I have installed all the part of the arachnode.net 1.1,and complie the whole project without any Errors.
However ,I am puzzled that how to use arachnode,net. There are so many files in the folder,but where is the entry of the builded project? Is there any windows in the project , or this is only a console programme?(so big a project without any windows?Really make me puzzled.)
I am a colledge school student in China,my parterner and I have great interests in this project, we need your help to learn more of this project.
You are very welcome!
1.) Check the FullTextIndexType column in the Files, Images and WebPages table. This column contains the file extensions.2.) I haven't seen near that many errors from Analysis services. The project isn't essential to crawling and can be excluded.3.) You can deploy to IIS or you can use Visual Studio's web host. Either one is fine.
For best service when you require assistance:
The first part, about not receiving any compilation errors is great news! ;)
arachnode.net is currently meant to be used as a service (always on) or as class library. A Console project is provided to help with stepping through the code. A Web Admin interface is in development, but we do not have a release date at this time.
Tell me, what are you trying to accomplish. I can best help you by knowing more about your specific intentions for the code.

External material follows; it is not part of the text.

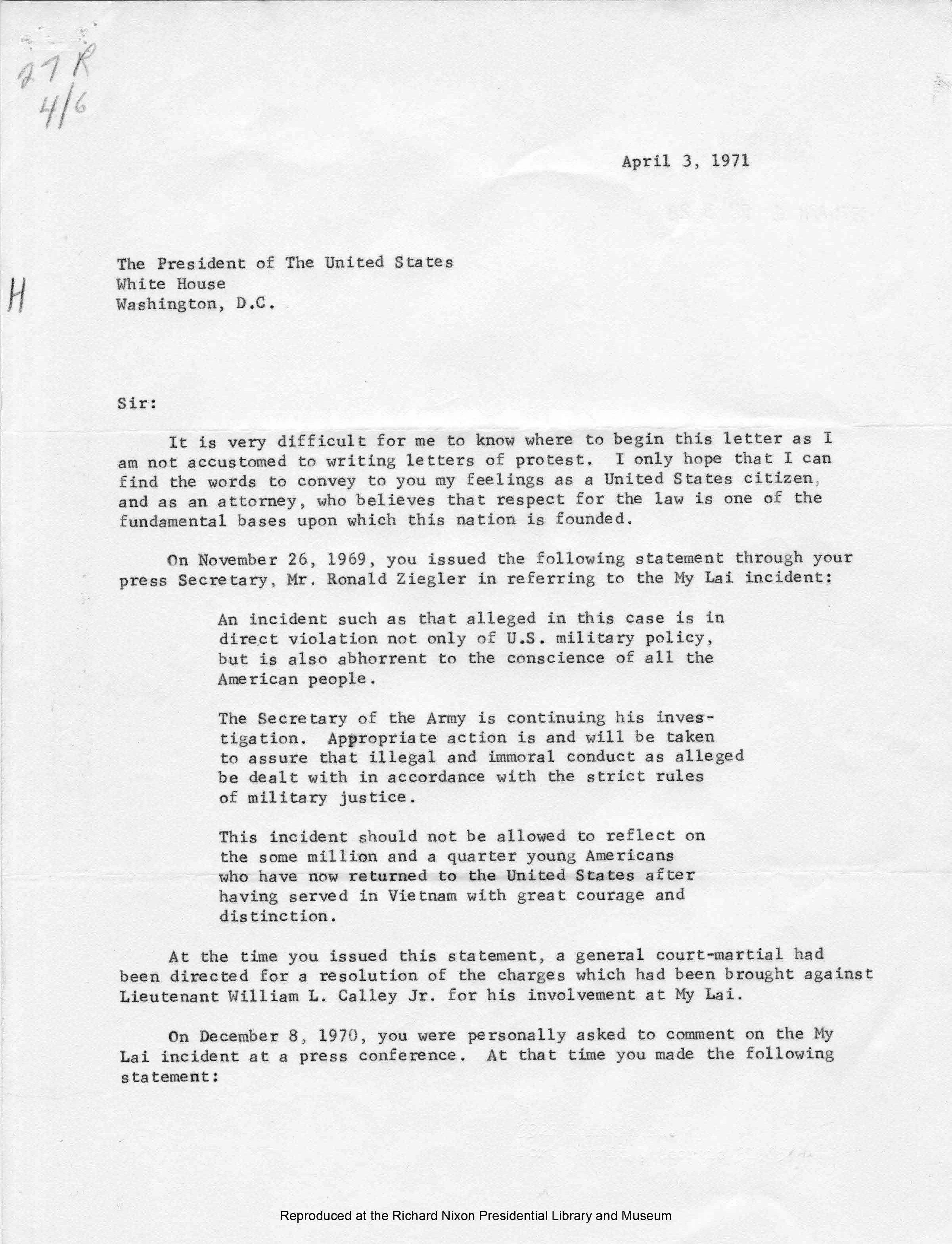 At the time, it was clear to almost everyone that President Nixon had interfered in the Calley case in response to angry letters, draft-board resignations, and public opinion polls showing that the vast majority of Americans viewed Lieutenant Calley either as a scapegoat or as a Soldier simply doing his duty. Daniel thought otherwise, and wrote to Nixon that it was shocking to him that “so many people across the nation have failed to see the moral issue which was involved in the trial of Lieutenant Calley—that it is unlawful for an American soldier to summarily execute unarmed and unresisting men, women, children, and babies.”

(In the meantime, set the Console project to the startup project, and press F5. A crawl will start at arachnode.net. Check the bottom of the stored procedure '[dbo].[arachnode_usp_arachnode.net_RESET_DATABASE]'.)
Always glad to help,Mike
It means a great deal to me that you have chosen arachnode.net as something to learn from, especially as something to influence your graduation project.
The project Test.csproj can be removed from the solution if you can't load it.
One of my main intentions for arachnode.net was to keep the code simple and accessible for everyone. While this was and is a great intention, crawling the internet, and crawling it properly is not a simple process. Undoubtedly you have evaluated other crawlers and noticed that most all of them in C# crawl HyperLinks only, do not download content in the form of files or images and do not store or index the content. Why? The process of crawling seems simple. I thought that it would be relatively easy to craft a crawler until I discovered the thousands of conditions that must be met to crawl properly. If you have evaluated nutch (a complete crawler, like arachnode.net is), then you have noticed that nutch is quite complex and takes a good amount of time to learn and debug what is going on under the covers.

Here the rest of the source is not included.